*Data supplied*:
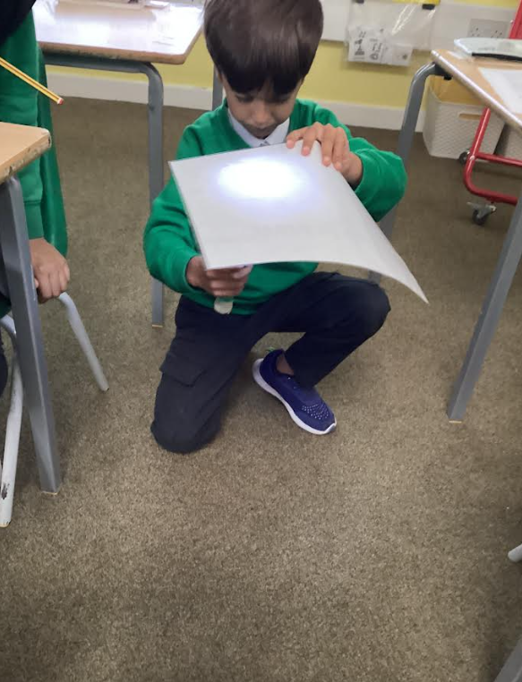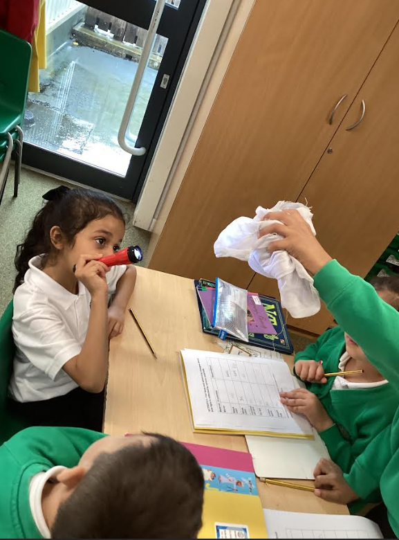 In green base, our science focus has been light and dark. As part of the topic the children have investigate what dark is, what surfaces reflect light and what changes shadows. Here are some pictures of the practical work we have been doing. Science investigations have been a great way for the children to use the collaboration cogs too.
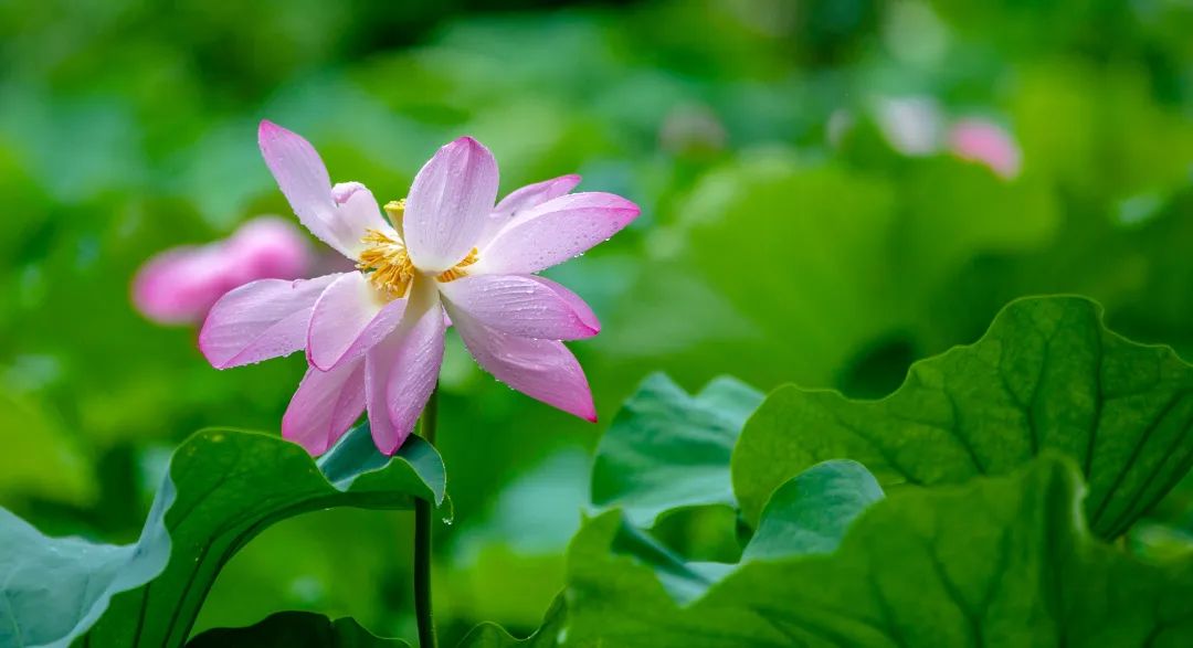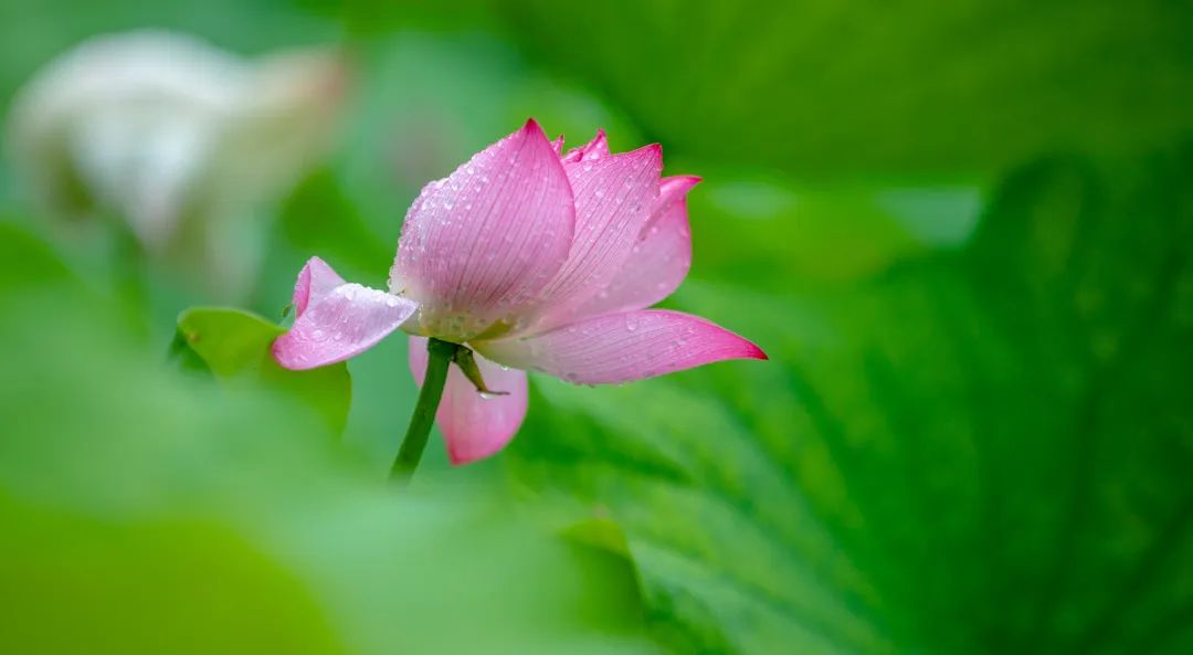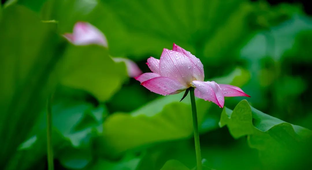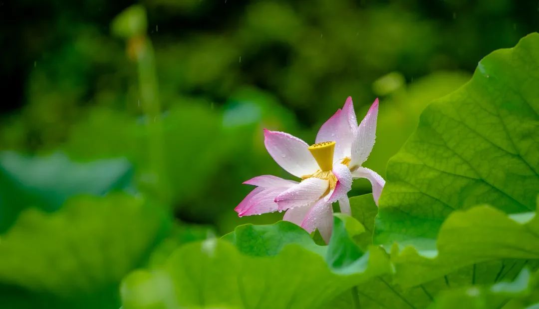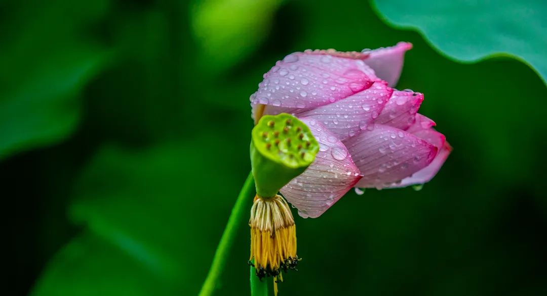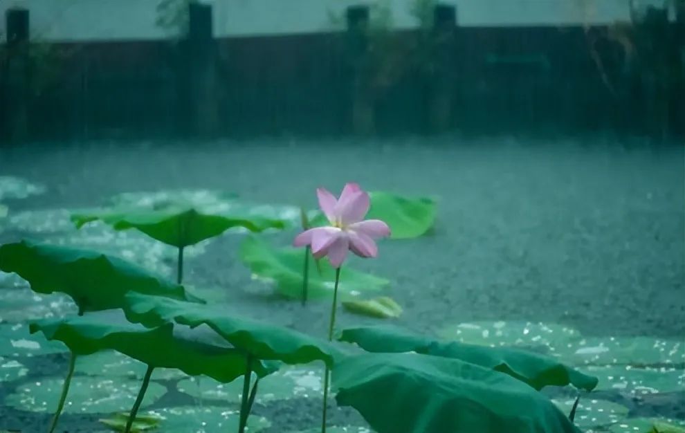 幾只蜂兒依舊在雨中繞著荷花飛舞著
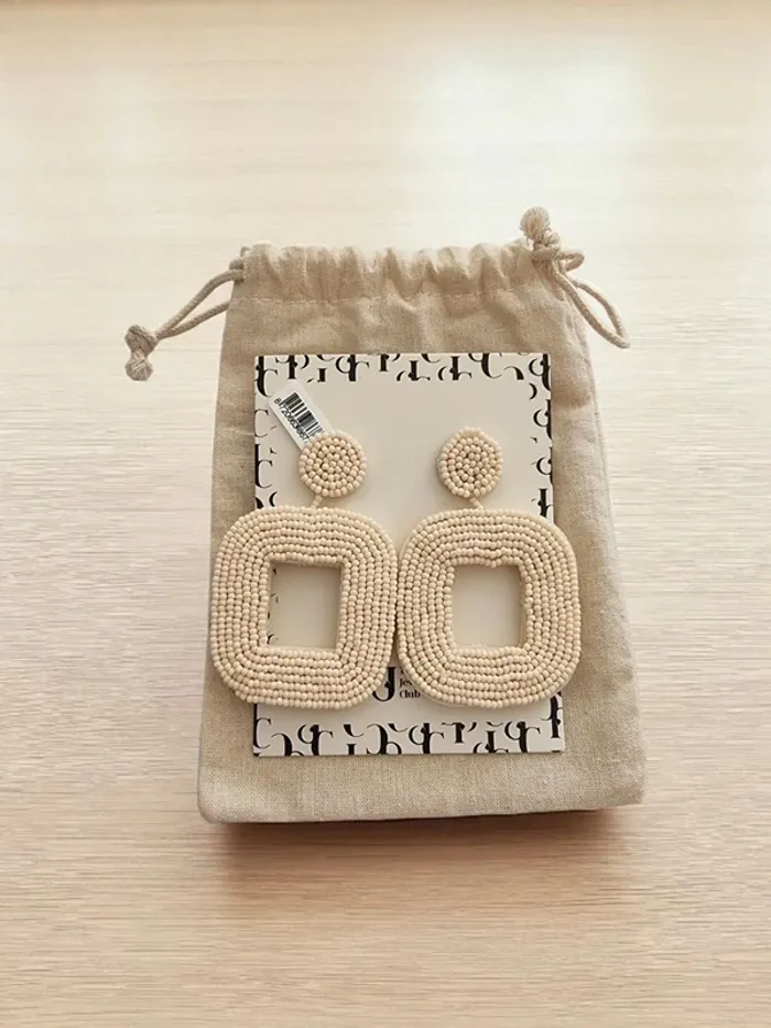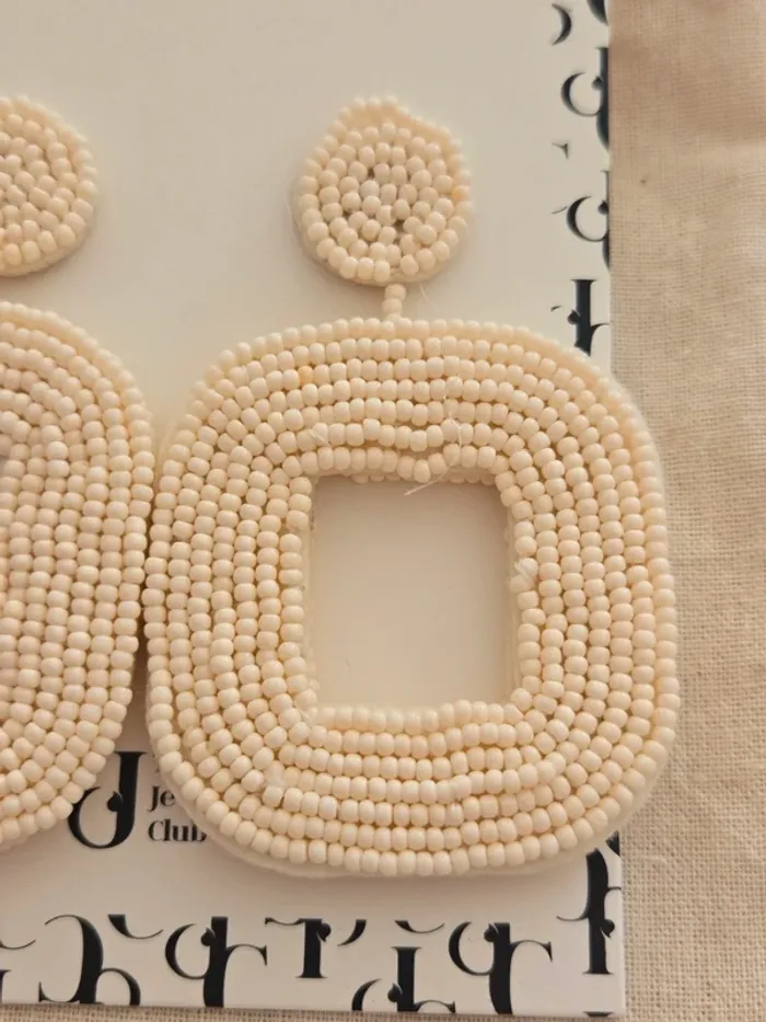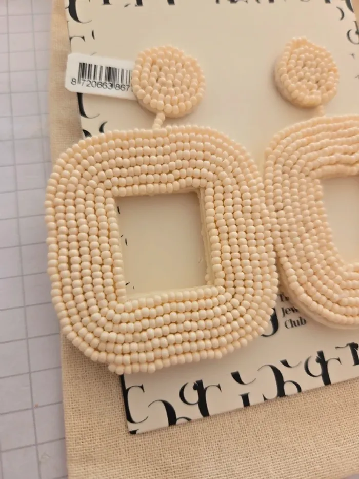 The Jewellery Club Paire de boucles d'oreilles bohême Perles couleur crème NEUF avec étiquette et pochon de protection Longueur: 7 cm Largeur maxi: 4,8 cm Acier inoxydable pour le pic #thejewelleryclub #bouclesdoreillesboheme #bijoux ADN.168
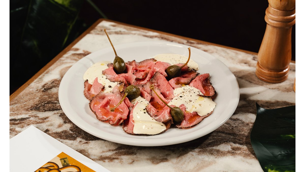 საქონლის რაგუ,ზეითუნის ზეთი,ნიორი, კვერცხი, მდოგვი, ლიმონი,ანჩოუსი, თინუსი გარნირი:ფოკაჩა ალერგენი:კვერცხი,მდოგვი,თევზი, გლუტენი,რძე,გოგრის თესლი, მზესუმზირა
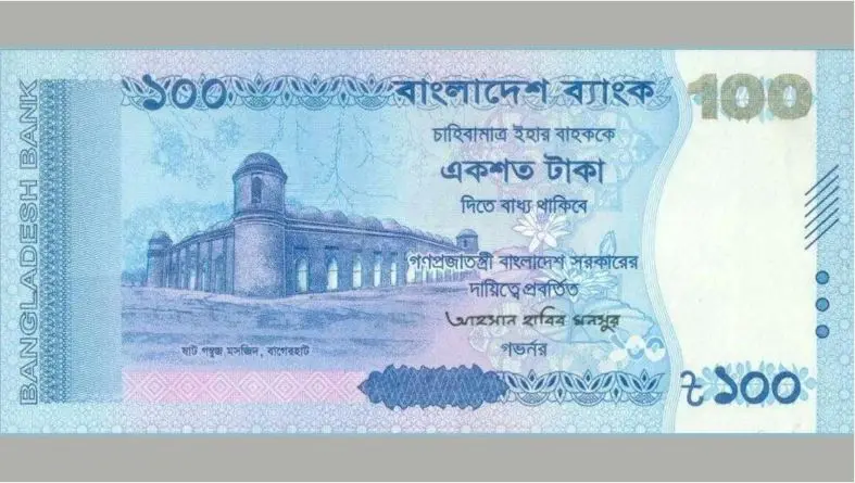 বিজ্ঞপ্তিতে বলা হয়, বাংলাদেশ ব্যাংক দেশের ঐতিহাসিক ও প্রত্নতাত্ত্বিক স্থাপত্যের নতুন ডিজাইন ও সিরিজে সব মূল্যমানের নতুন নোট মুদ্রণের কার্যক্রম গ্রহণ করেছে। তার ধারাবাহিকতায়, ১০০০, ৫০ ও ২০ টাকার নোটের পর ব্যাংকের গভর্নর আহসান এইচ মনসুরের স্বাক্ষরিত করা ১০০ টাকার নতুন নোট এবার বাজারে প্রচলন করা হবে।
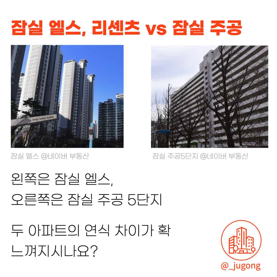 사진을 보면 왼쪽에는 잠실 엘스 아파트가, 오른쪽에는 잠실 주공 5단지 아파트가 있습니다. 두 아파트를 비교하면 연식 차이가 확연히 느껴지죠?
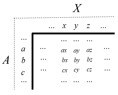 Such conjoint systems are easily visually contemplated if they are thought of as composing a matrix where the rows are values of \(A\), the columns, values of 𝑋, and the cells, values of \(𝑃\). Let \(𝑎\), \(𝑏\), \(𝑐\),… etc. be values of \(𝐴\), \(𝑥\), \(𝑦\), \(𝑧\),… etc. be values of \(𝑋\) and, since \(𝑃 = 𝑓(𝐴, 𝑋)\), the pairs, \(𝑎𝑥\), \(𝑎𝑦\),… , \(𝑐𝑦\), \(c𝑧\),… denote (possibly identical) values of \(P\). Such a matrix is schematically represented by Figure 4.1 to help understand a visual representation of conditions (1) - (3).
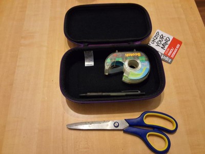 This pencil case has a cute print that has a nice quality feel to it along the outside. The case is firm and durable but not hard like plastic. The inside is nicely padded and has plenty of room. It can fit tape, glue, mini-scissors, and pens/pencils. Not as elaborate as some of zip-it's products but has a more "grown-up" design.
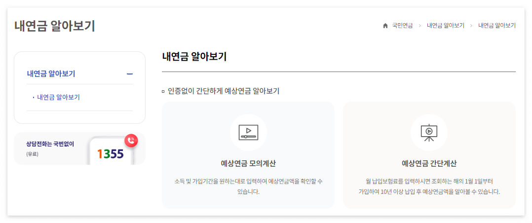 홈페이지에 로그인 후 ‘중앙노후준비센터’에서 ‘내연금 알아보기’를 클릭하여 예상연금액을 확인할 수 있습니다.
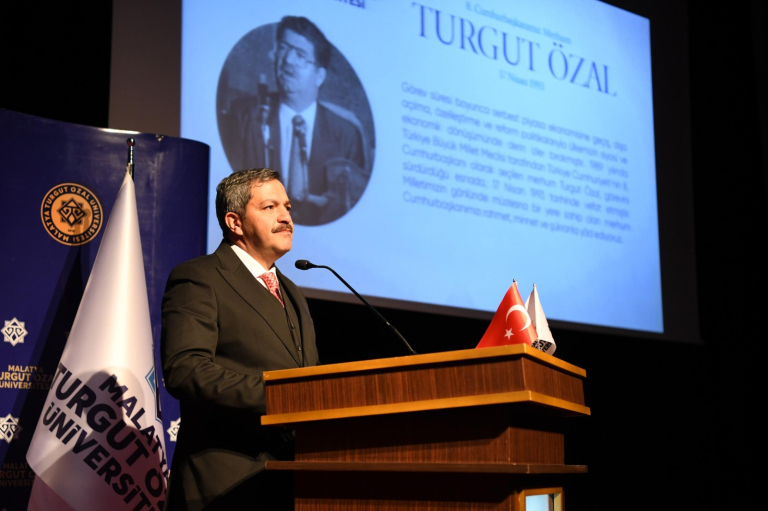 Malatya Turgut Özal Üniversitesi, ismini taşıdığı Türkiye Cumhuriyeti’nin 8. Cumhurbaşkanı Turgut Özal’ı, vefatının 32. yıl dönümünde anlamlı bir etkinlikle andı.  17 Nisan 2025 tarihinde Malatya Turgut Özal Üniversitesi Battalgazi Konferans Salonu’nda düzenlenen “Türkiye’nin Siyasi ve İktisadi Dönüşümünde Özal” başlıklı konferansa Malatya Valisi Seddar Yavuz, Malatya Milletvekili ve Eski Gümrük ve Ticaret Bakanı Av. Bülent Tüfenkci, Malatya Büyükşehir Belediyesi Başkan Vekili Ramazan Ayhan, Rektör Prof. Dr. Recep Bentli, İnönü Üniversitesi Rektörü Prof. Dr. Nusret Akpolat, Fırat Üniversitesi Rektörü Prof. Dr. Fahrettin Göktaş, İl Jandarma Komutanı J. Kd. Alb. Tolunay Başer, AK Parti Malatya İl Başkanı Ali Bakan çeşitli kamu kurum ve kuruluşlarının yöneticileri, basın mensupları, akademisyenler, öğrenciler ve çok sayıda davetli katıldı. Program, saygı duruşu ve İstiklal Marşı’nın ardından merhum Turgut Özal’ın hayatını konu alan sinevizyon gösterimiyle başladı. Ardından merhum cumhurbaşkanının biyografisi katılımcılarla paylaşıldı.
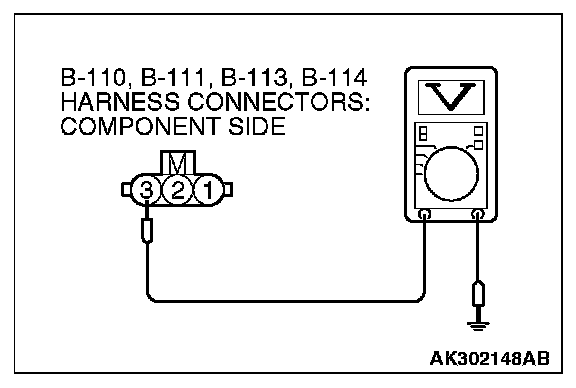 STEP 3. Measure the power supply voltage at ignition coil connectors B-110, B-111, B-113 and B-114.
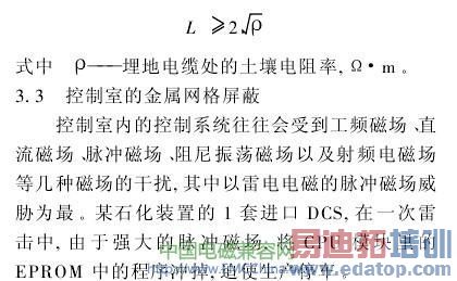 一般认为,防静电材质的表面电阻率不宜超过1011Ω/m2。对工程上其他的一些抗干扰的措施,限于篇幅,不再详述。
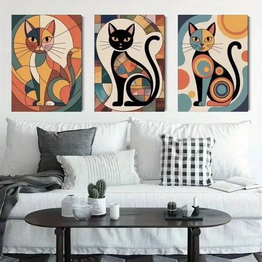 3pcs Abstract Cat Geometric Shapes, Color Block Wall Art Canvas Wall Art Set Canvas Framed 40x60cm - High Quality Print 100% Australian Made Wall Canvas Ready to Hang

*Work order*:
Word for word, write out the lines from the top of the records above down to the line holding "幾只蜂兒依舊在雨中繞著荷花飛舞著", inclusive, but not the pictures.

*Response to the task*:
 In green base, our science focus has been light and dark. As part of the topic the children have investigate what dark is, what surfaces reflect light and what changes shadows. Here are some pictures of the practical work we have been doing. Science investigations have been a great way for the children to use the collaboration cogs too.
 幾只蜂兒依舊在雨中繞著荷花飛舞著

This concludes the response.